Reliability-Aware Service Function Chaining With Function Decomposition and Multipath Routing

Network Function Virtualization (NFV) converts network functions executed by costly middleboxes into instances of Virtual Network Functions (VNFs) hosted by industry-standard Physical Machines (PMs). This has proven to be quite an efficient approach when it comes to enabling automated network operations and the elastic provisioning of resources to support heterogeneous services. Today's revolutionary services impose a remarkably elevated reliability together with ultra-low latency requirements. Therefore, in addition to having highly reliable VNFs, these VNFs have to be optimally placed in such a way to rapidly route traffic among them with the least utilization of bandwidth. Hence, the proper selection of PMs to meet the above-mentioned reliability and delay requirements becomes a remarkably challenging problem. None of the existing publications addressing such a problem concurrently adopts VNF decomposition to enhance the flexibility of the VNFs' placement and a hybrid routing scheme to achieve an optimal trade-off between the above-mentioned objectives. In this paper, a VNF-decomposition-based backup strategy is proposed together with a delay-aware hybrid multipath routing scheme for enhancing the reliability of NFV-enabled network services while jointly reducing delays these services experience.
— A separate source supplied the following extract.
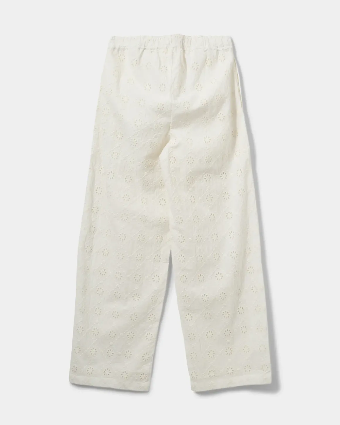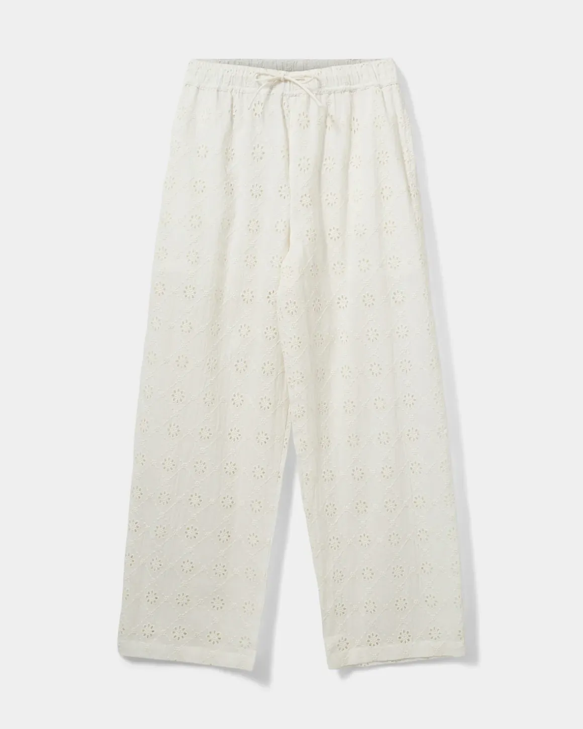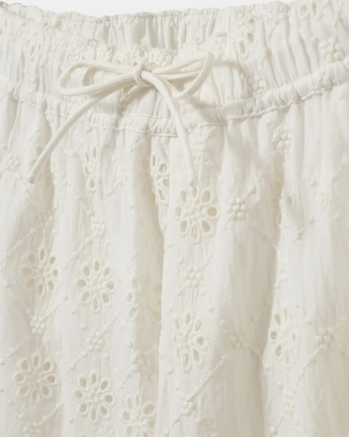 • Trousers with broderie anglaise and elastic waist with tie belt

The problem is formulated as a Mixed Integer Linear Program (MILP) whose resolution yields an optimal VNF placement and traffic routing policy. Next, the delay-aware hybrid shortest path-based heuristic algorithm is proposed to work around the MILP's complexity. Thorough numerical analysis and simulations are conducted to validate the proposed algorithm and evaluate its performance. Results show that the proposed algorithm outperforms its existing counterparts by 7.53% in terms of computing resource consumption.